New Delhi: India’s Oil and Natural Gas Corp. Ltd (ONGC) and China National Petroleum Corp. (CNPC) inked an agreement in New Delhi on Monday to jointly bid for energy assets overseas in a move that could have a significant impact on the global race for oil and gas blocks.
The memorandum of understanding also involves cooperation in so-called upstream, midstream and downstream opportunities. Upstream activities refer to exploration and production from hydrocarbon assets; midstream to transportation pipelines and the liquified natural gas business; and downstream refers to refining, marketing and distribution of petroleum products. The agreement was signed between Sudhir Vasudeva, chairman and managing director, ONGC, and Jiang Jiemen, chairman, CNPC.
The deal could also see CNPC participating in efforts to develop and exploit ONGC’s domestic assets.
The primary purpose of the agreement, however, seems to be to ensure that bidding for global energy assets doesn’t get out of hand as it has in the past.
“We should collaborate and bid together,” said D.K. Sarraf, managing director, ONGC Videsh Ltd (OVL). “There is no point in raising prices. A memorandum of understanding was signed.” He clarified that neither partner has an immediate property in mind for which they can bid together.
To be sure, the two firms did have an earlier arrangement, but that was limited to hydrocarbon exploration and production, and didn’t result in much cooperation or coordinated bidding.
“This (the new agreement) is for examining possibilities of mutual interest in upstream, downstream and all related areas,” Vasudeva told Reuters.
With India importing more than 80% of its energy needs, state-owned firms have been scouting overseas for securing assets and have invested Rs 64,832.35 crore in the effort. This push has pitted the country against China in a race for the world’s resources. This competition for resources has in turn raised prices for the assets of both Indian and Chinese firms.
While OVL, the overseas arm of ONGC, and CNPC had earlier collaborated in Sudan and have worked together on projects in Syria and Myanmar, an institutional arrangement will bring the two rivals together and will have a global impact. OVL invested $2.5 billion in petroleum exploration and production in undivided Sudan as part of Greater Nile Petroleum Operating Co., in which it owns a 25% stake. Its partners are CNPC (40%), Petronas Carigali Overseas Sdn Bhd (30%) and Sudapet Co. Ltd (5%).

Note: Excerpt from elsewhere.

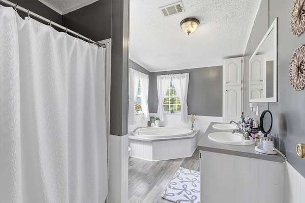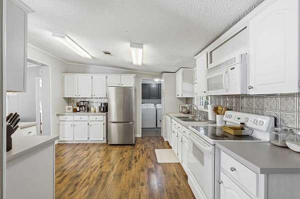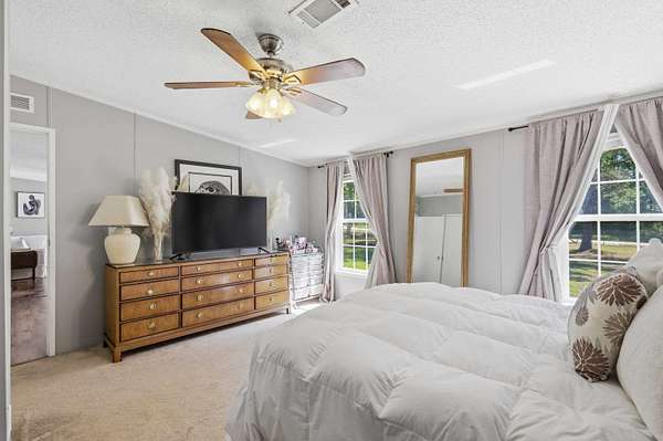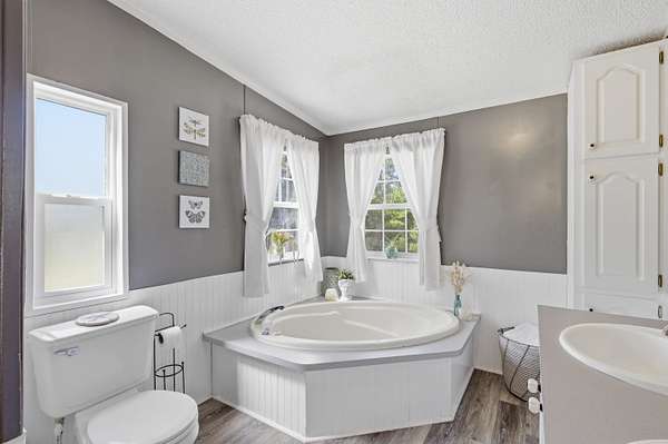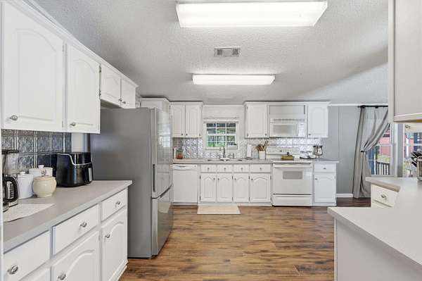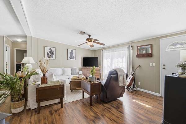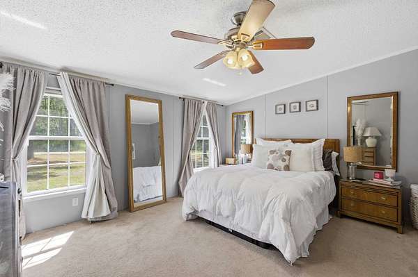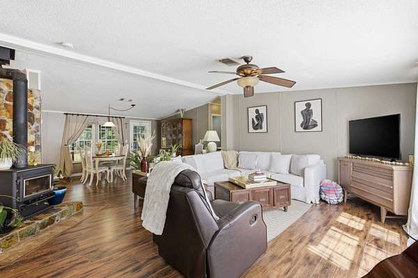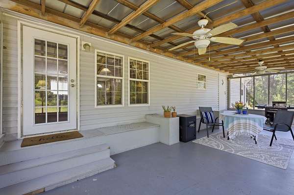 Tucked behind a gated entrance and surrounded by 5.54 acres of open space, this property offers the kind of privacy and freedom that is hard to find at this price point. With no HOA, you have the flexibility to truly enjoy country living with room for livestock, horses, RVs, trailers, ATVs, UTVs, and more. As you arrive, you are welcomed by a wide open parking area with plenty of space for all your needs. Walking up to the large front porch, you can already picture slow mornings with coffee overlooking your land and peaceful evenings unwinding in quiet surroundings. Inside, the home is well maintained and thoughtfully laid out, with the entry opening into a spacious family room, a separate living room, and a dining area just off the kitchen, creating multiple spaces to gather and entertain. The kitchen is generously sized and connects to a dedicated laundry room for added convenience. The split floor plan offers privacy, with a cozy primary suite featuring a garden tub, double vanities, and a walk in closet, while the opposite side of the home includes two additional bedrooms and a guest bathroom. Stepping outside, the screened in porch creates the perfect setting for hosting family gatherings or simply enjoying the outdoors. The property continues to impress with a heated and cooled shed that can serve as an office, gym, or creative space, a fire pit area for evenings under the stars, and an additional shed for storage. With a fenced yard, this well cared for home offers a rare opportunity to own a private, versatile property that truly lets you live the lifestyle you deserve.

“We have to build on this association,” an ONGC executive said, speaking on condition of anonymity. “Apart from jointly scoping overseas assets, the Chinese are also interested in investing in our domestic assets. They have asked us to show them what we have. It is now dependent on the security establishment how to take this forward.”

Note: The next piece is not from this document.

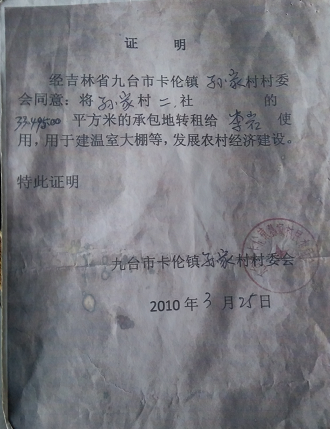 2010年初,李岩与当地的李姓村民达成4.3019平方米的农用地租赁意向,当年3月,在当地村委会见证下,双方形成了土地租赁合同。
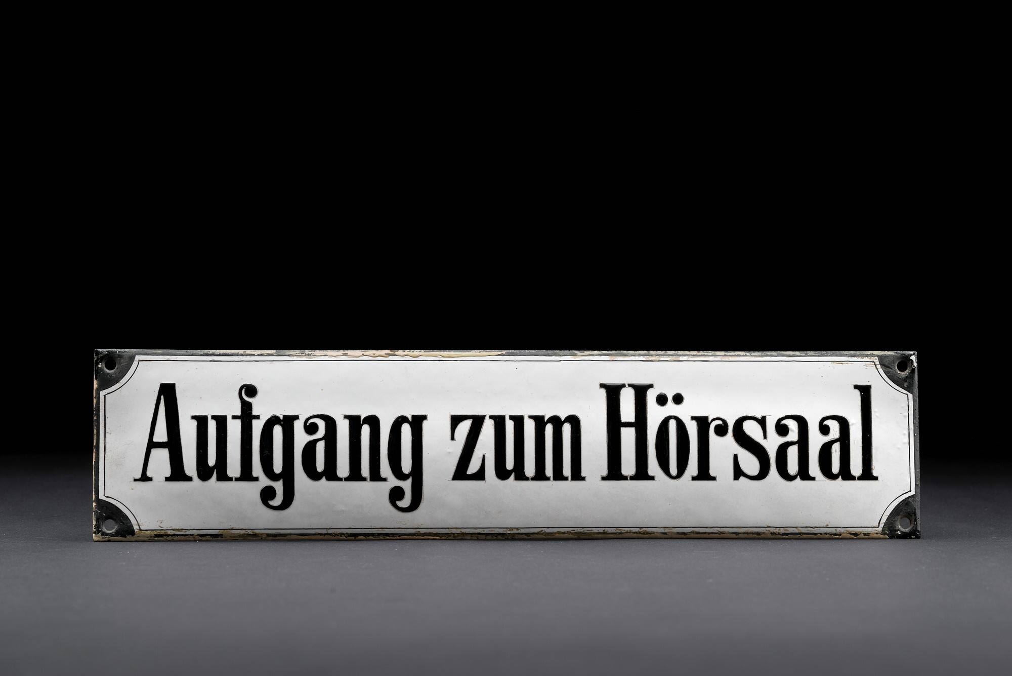 Das Schild „ Aufgang zum Hörsaal“ ist wesentlich moderner und stammt aus dem

The development comes at a time when the two countries have been discussing ways to double bilateral trade to $100 billion by 2015 and to plug a yawning trade gap in China’s favour.
“Securing energy supply continues to be a key strategic objective for China and India, both of whom continue to generate growth, and are concerned with the high energy prices,” said Gokul Chaudhri, a partner at audit and consulting firm BMR Advisors Pvt. Ltd. “This requires both nations to undertake geopolitical risks in frontier areas like Africa and Myanmar, with significant financial outlays. In the past also, the two countries have sought to collaborate rather than compete in view of their mutual need for overseas acreages and energy security.”
“This renewed effort, in the backdrop of improved economic ties, should yield long-term benefit to not just India and China, but also to the nations in which such joint energy projects are developed,” he added.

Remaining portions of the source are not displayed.